Pictures aside, each record should be reproduced exactly.

Start of Data to process

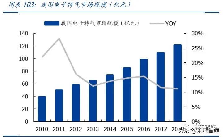 根據(jù) SEMI 預(yù)計,至 2020 年電子特氣的市場規(guī)模將達(dá)到 43.7 億美元。2010-2018 年, 我國電子特氣市場規(guī)模復(fù)合增速達(dá) 15.3%,2018 年我國電子特氣市場規(guī)模達(dá) 121.56 億 元。其中,半導(dǎo)體制造用電子特氣市場規(guī)模約 45 億元。根據(jù)前瞻產(chǎn)業(yè)研究院預(yù)測, 2024 年我國電子特種氣體市場規(guī)模將達(dá)到 230 億元。
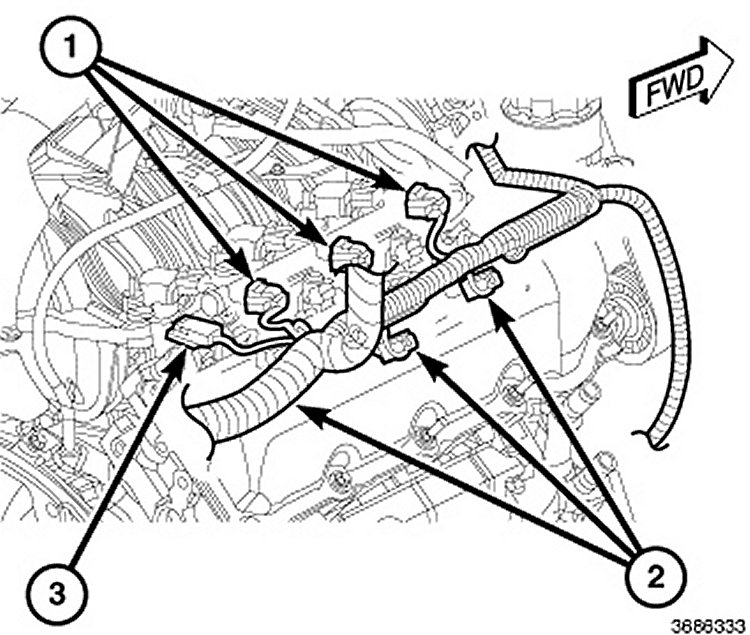 1. Route the left side knock sensor wiring harness (1) down the back of the engine.
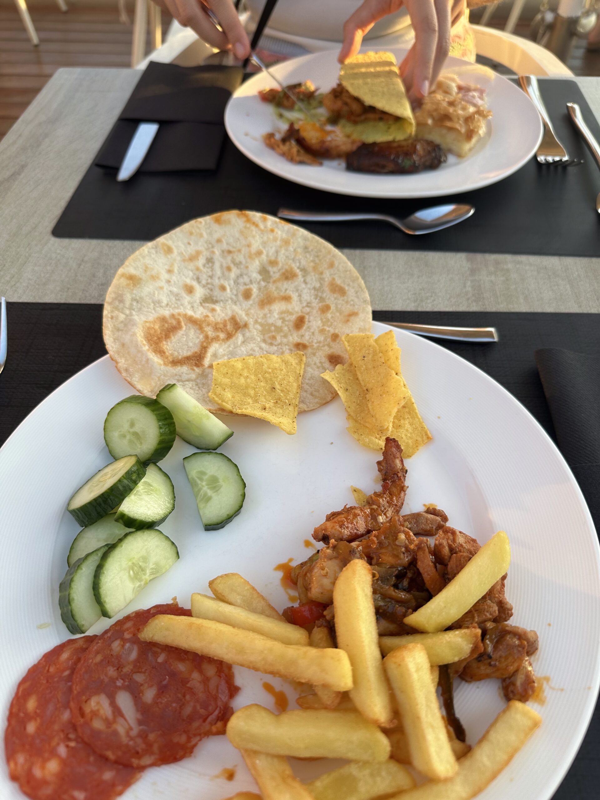 Würzige Fleischstreifen (Fajita-Style), krossen Pommes, frischen Gurkenscheiben und ein paar Scheiben Salami für das herzhafte. Dazu gibt es eine weiche Tortilla und ein paar Nachos als knuspriges Extra. Ein wilder, aber leckerer Mix!
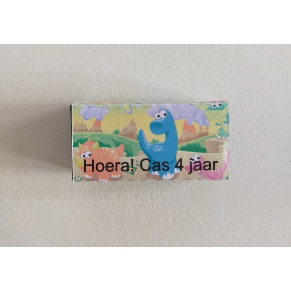 Het stoepkrijt wordt gratis verpakt in cellofaan met daarop een sticker
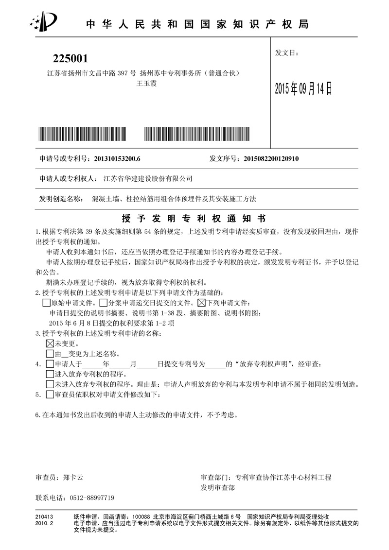 公司獲一項發明專利 時間:2015-09-15 5648 日前,江蘇華建上海區域公司發布的《混凝土墻、柱拉結筋用組合體預埋件及其安裝施工方法》發明創造被國家知識產權局授予“發明專利權”,專利號:201310153200.6。
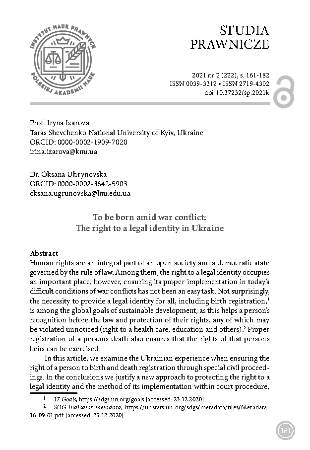 Human rights are an integral part of an open society and a democratic state governed by the rule of law. Among them, the right to a legal identity occupies an important place, however, ensuring its proper implementation in today's difficult conditions of war conflicts has not been an easy task. Not surprisingly, the necessity to provide a legal identity for all, including birth registration, is among the global goals of sustainable development, as this helps a person`s recognition before the law and protection of their rights, any of which may be violated unnoticed (right to a health care, education and others). Proper registration of a person's death also ensures that the rights of that person's heirs can be exercised.
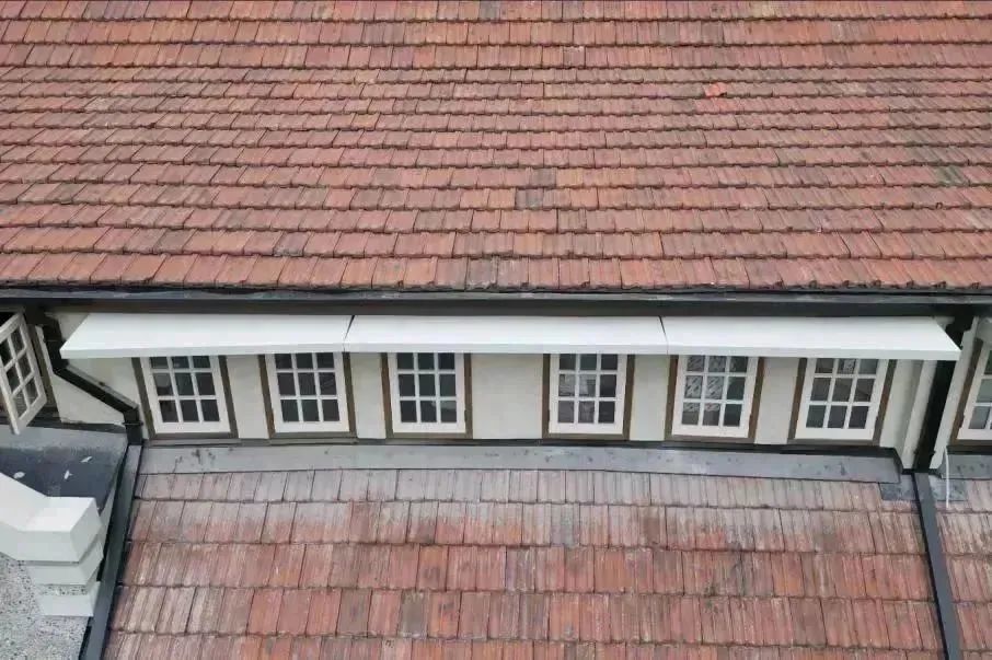 南立面作為內(nèi)山書店的主要立面是本次修繕工程的重點(diǎn),結(jié)合對歷史照片的研究分析,判定立面的原有樣式及材質(zhì),修繕團(tuán)隊(duì)使用相應(yīng)工藝進(jìn)行修繕恢復(fù);對于建筑屋面進(jìn)行翻修,重做防水和保溫層,調(diào)整高低不平之處,并對山墻壓頂、雨水檐溝、天溝落、水管及老虎窗進(jìn)行修繕。
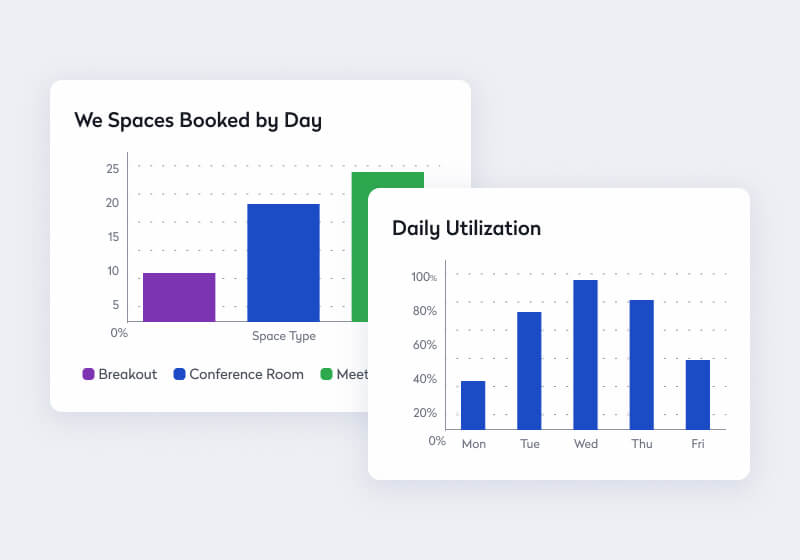 会議室・座席の利用状況について分析を行い、可視化します。利用頻度、平均利用人数、ピーク時の稼働率などを把握することで、スペース供給計画や改善に役立てます。
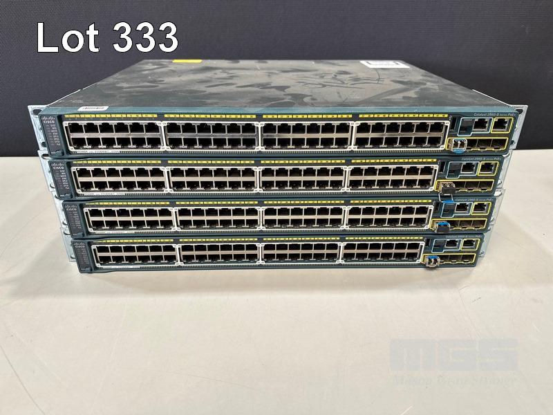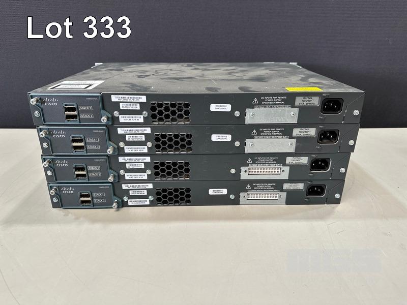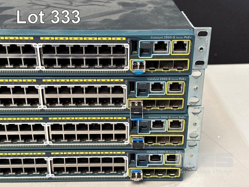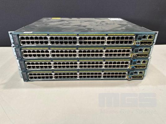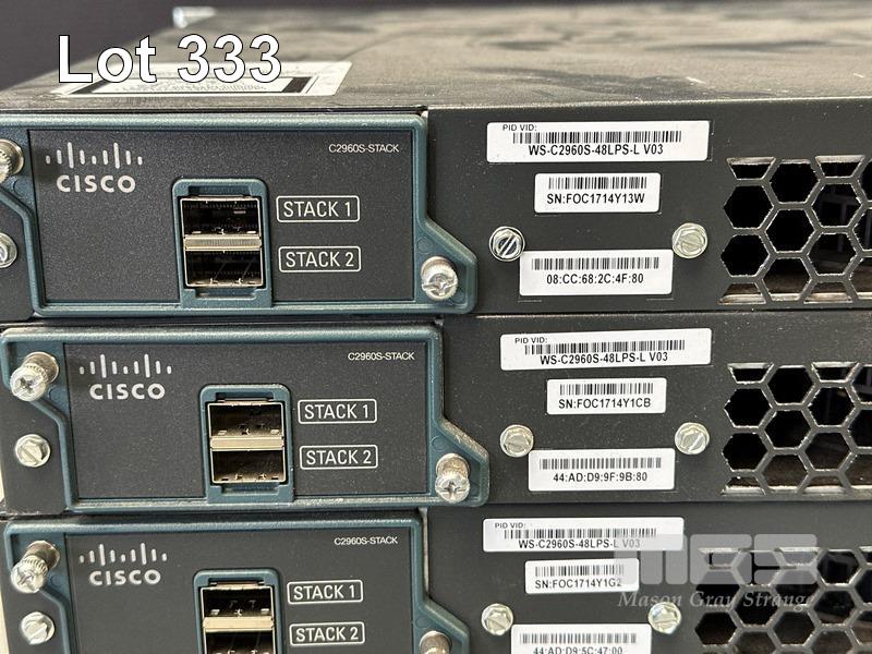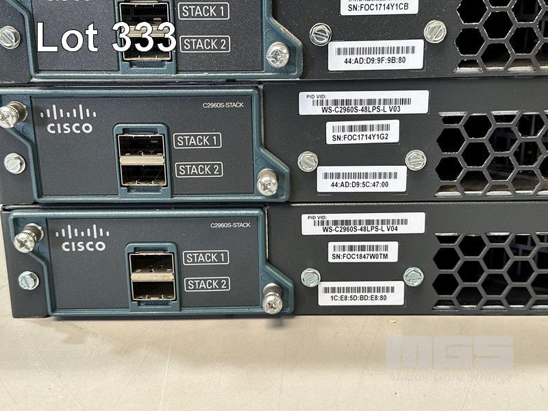 4 x CISCO CATALYST 2960-S SERIES PoE+ 48-PORT SWITCHES, WS-C2960S-48LPS-L WITH C2960S-STACK MODULES & STACKING CABLES S/N:FOC1714Y13W, FOC1714Y1CB, FOC1714Y1G2, FOC1847W0TM

End of Data to process

Result for this exercise:
 根據(jù) SEMI 預(yù)計,至 2020 年電子特氣的市場規(guī)模將達(dá)到 43.7 億美元。2010-2018 年, 我國電子特氣市場規(guī)模復(fù)合增速達(dá) 15.3%,2018 年我國電子特氣市場規(guī)模達(dá) 121.56 億 元。其中,半導(dǎo)體制造用電子特氣市場規(guī)模約 45 億元。根據(jù)前瞻產(chǎn)業(yè)研究院預(yù)測, 2024 年我國電子特種氣體市場規(guī)模將達(dá)到 230 億元。
 1. Route the left side knock sensor wiring harness (1) down the back of the engine.
 Würzige Fleischstreifen (Fajita-Style), krossen Pommes, frischen Gurkenscheiben und ein paar Scheiben Salami für das herzhafte. Dazu gibt es eine weiche Tortilla und ein paar Nachos als knuspriges Extra. Ein wilder, aber leckerer Mix!
 Het stoepkrijt wordt gratis verpakt in cellofaan met daarop een sticker
 公司獲一項發明專利 時間:2015-09-15 5648 日前,江蘇華建上海區域公司發布的《混凝土墻、柱拉結筋用組合體預埋件及其安裝施工方法》發明創造被國家知識產權局授予“發明專利權”,專利號:201310153200.6。
 Human rights are an integral part of an open society and a democratic state governed by the rule of law. Among them, the right to a legal identity occupies an important place, however, ensuring its proper implementation in today's difficult conditions of war conflicts has not been an easy task. Not surprisingly, the necessity to provide a legal identity for all, including birth registration, is among the global goals of sustainable development, as this helps a person`s recognition before the law and protection of their rights, any of which may be violated unnoticed (right to a health care, education and others). Proper registration of a person's death also ensures that the rights of that person's heirs can be exercised.
 南立面作為內(nèi)山書店的主要立面是本次修繕工程的重點(diǎn),結(jié)合對歷史照片的研究分析,判定立面的原有樣式及材質(zhì),修繕團(tuán)隊(duì)使用相應(yīng)工藝進(jìn)行修繕恢復(fù);對于建筑屋面進(jìn)行翻修,重做防水和保溫層,調(diào)整高低不平之處,并對山墻壓頂、雨水檐溝、天溝落、水管及老虎窗進(jìn)行修繕。
 会議室・座席の利用状況について分析を行い、可視化します。利用頻度、平均利用人数、ピーク時の稼働率などを把握することで、スペース供給計画や改善に役立てます。
 4 x CISCO CATALYST 2960-S SERIES PoE+ 48-PORT SWITCHES, WS-C2960S-48LPS-L WITH C2960S-STACK MODULES & STACKING CABLES S/N:FOC1714Y13W, FOC1714Y1CB, FOC1714Y1G2, FOC1847W0TM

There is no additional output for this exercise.